To ensure data integrity, relational databases offer you two facilities.

 

Field definitions

 

When tables are created, the data type of each field must be defined – whether it's a number, a string, or a date, for example. In addition, many databases (including Access) offer a wide range of further data-checking facilities; for example, you can require that the field be entered (not left blank), specify minimum and maximum values, specify the maximum length of a string, constrain a string to certain values, and so on.

 

Indices

 

You create an index for two reasons. One is to speed up searches – creating an index like this has no effect on the data itself.

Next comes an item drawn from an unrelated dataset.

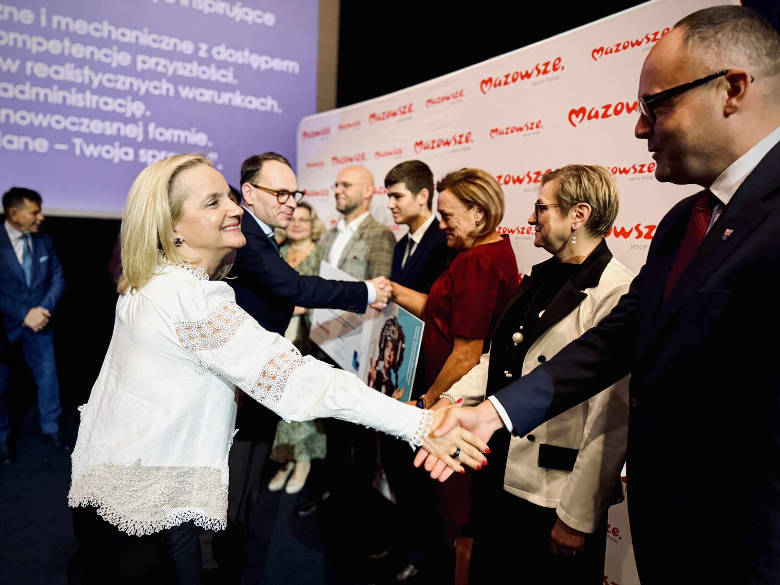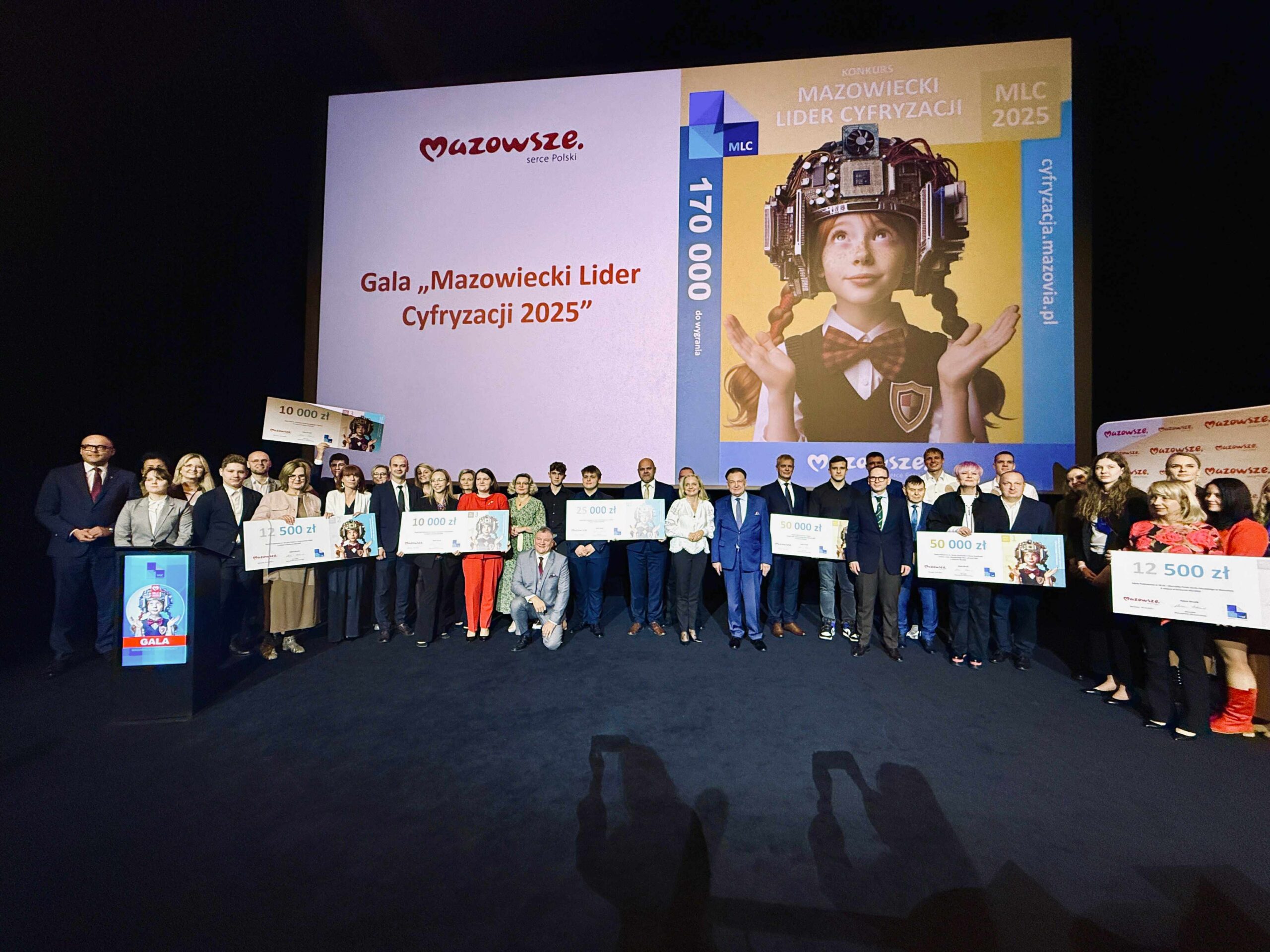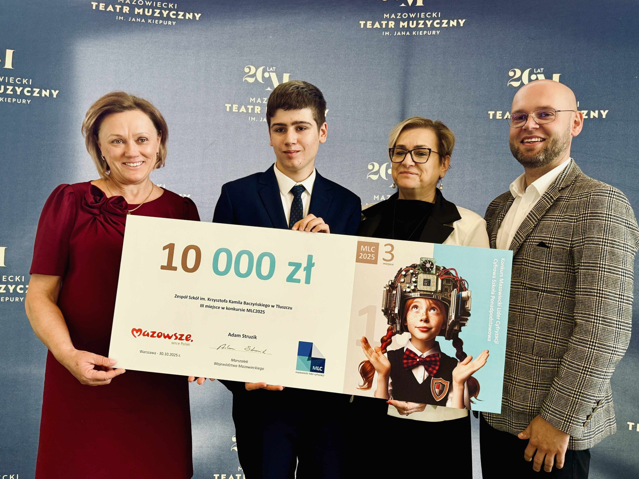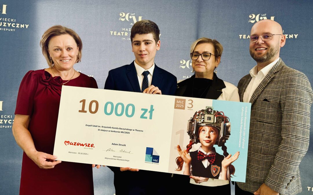 30 października 2025r. reprezentacja Zespołu Szkół im. K.K.Baczyńskiego w Tłuszczu w składzie: Dyrektor Anna Białek – Kowalska, Wicedyrektor Marek Leszcz, Kierownik Szkolenia Praktycznego Renata Miszczuk, Ewa Żmudzka, Kierownik Gospodarczy Marta Przybysz i reprezentant uczniów Jeremiasz Tucholski uczestniczyła w gali finałowej konkursu „Mazowiecki Lider Cyfryzacji 2025”, podczas której Marszałek Mazowsza Adam Struzik oraz Mazowiecka Kurator Oświaty Wioletta Krzyżanowska uhonorowali instytucje i szkoły wdrażające nowatorskie i bezpieczne rozwiązania cyfrowe w edukacji. Wraz z naszą reprezentacją szkolną na uroczystości pojawili się przedstawiciele organu prowadzącego szkołę, czyli Powiatu Wołomińskiego – Starosta Arkadiusz Werelich oraz Wicestarosta Katarzyna Pazio oraz Gminy Tłuszcz – Burmistrz Beata Skulimowska.

The other is to enforce data integrity rules.

 

Indices can be used to ensure that duplicates cannot be entered (such an index is called a unique index, because the items it indexes must all be unique). Indices may be created on several fields; for example, a unique index on {Rat, Session, Trial} fields would ensure that the combination of those three fields would have to yield a unique value.

 

Indices are often thought of as being involved in relationships between tables, particularly when such relationships are one-to-one or many-to-one. If you have one table that relates rats to their experimental groups, and another that contains the session-by-session data, the two tables might be linked using the Rat field (as in the example we used earlier). It would be usual for the Group table to have a unique index for the Rat field. As this is also the field or key used to look up individual records, it is often called the primary key. Nevertheless, the index is only involved in the relationship to ensure the uniqueness of this key and to speed up the process of searching data; it has nothing to do with the end results of looking up the data.